Doesn't she look happy and well-adjusted, standing next to that beautiful animal?

Wait, what? What's that you say? You say that's not "Rafalca" the dressage horse standing next to the lovely Mrs. Romney? You say that's actually Paul Ryan's wife Janna?

Well, I'll be damned. And here I was sure that was "Rafalca." It sure looks like a horse. Hell, I can tell how old it is just by looking at its teeth. 

Boy, do I have egg on my face! Well, anyhow, the point still stands. Having a pet seems to have done wonders for Mrs. Romney's disposition. And as I have tendencies toward crankiness and malcontentism, I thought maybe I should look into getting some pets as well.

I've always had a thing for Sea Monkeys, so I decided to buy some. Seriously, who could resist them? Look at this happy, smiling, perfect aquatic family. Why, they look almost as well-scrubbed and happy and wholesome as the Romneys themselves.




So I went for it and ordered the whole Sea Monkey kit. Boy oh boy, was I excited! I was dreaming of watching these tiny, delicate, underwater humanoids perform their graceful underwater ballet for hours. It was going to be spellbinding. I was just sure of it. 
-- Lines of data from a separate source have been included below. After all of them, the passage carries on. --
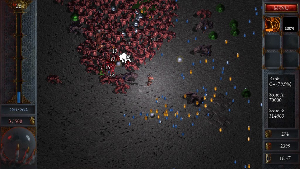 Sviluppato da Chasing Carrots, HoT è un vero e proprio tributo visivo e atmosferico ai classici di fine anni ’90, in particolare all’immaginario gotico, oscuro e isometrico di Diablo II. L’impatto visivo, con il suo look pre-rendered in stile low-res, non è una semplice scelta estetica; è una dichiarazione di intenti. Il giocatore non controlla una freccia o un’icona astratta, ma un eroe (o un anti-eroe) tangibile che si muove con peso e hitbox definiti, circondato da un gore stilizzato di ossa, sangue e demoni pixelati. Questo approccio ha conferito a HoT una profondità e una solidità che mancano alla maggior parte dei suoi concorrenti.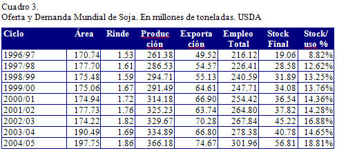 Con respecto al plano mundial se prevé para 2010/11 una producción de 249,9 millones de toneladas (259,2 año anterior), exportaciones de 88,2 (86,4 año anterior) y un uso total de 246,6 (235,2 año anterior). El balance mundial cerraría con un stock final de 67 millones de toneladas (66,1 mes y 65,8 año anterior). La relación stock/uso pasaría a 27,17% (28,8% mes y 27,8% año anterior). Ver Cuadro 3.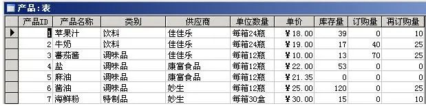 现在通过示例程序来对其进行说明,由于此功能是对数据的处理,所以需要基于一个有数据的表,这里我们用如图1、图2所示的“产品”表来做为例程表:

But upon my initial examination through a magnifying glass, I was a little surprised, and, frankly, disheartened. My Sea Monkeys weren't at all what I'd expected them to be.



Further observation of the Sea Monkeys left me even more disappointed.
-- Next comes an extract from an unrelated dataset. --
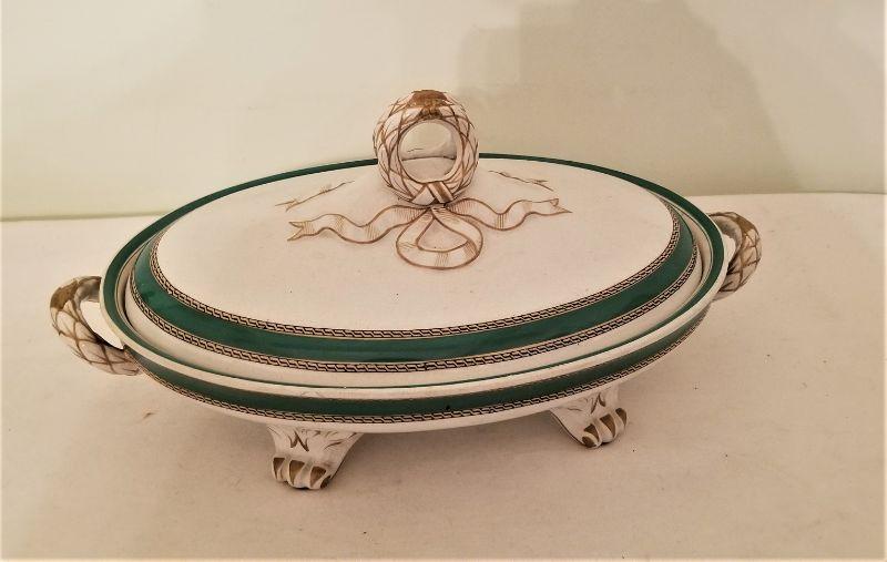 Lovely Victorian vegetable dish with lid, good antique condition, Green/gold palette. 14" across.

Yet further observation revealed the source of the problem. They weren't Sea Monkeys at all. They were... they were... gasp... TEA MONKEYS. 


Heartbroken, I regretfully made the difficult decision to boil the Tea Monkeys alive. It was tough, but it was, undoubtedly, the most humane way to deal with the situation.

Except for the one who expressed serious doubts about my existence. For some reason, I liked him. I decided to let him live.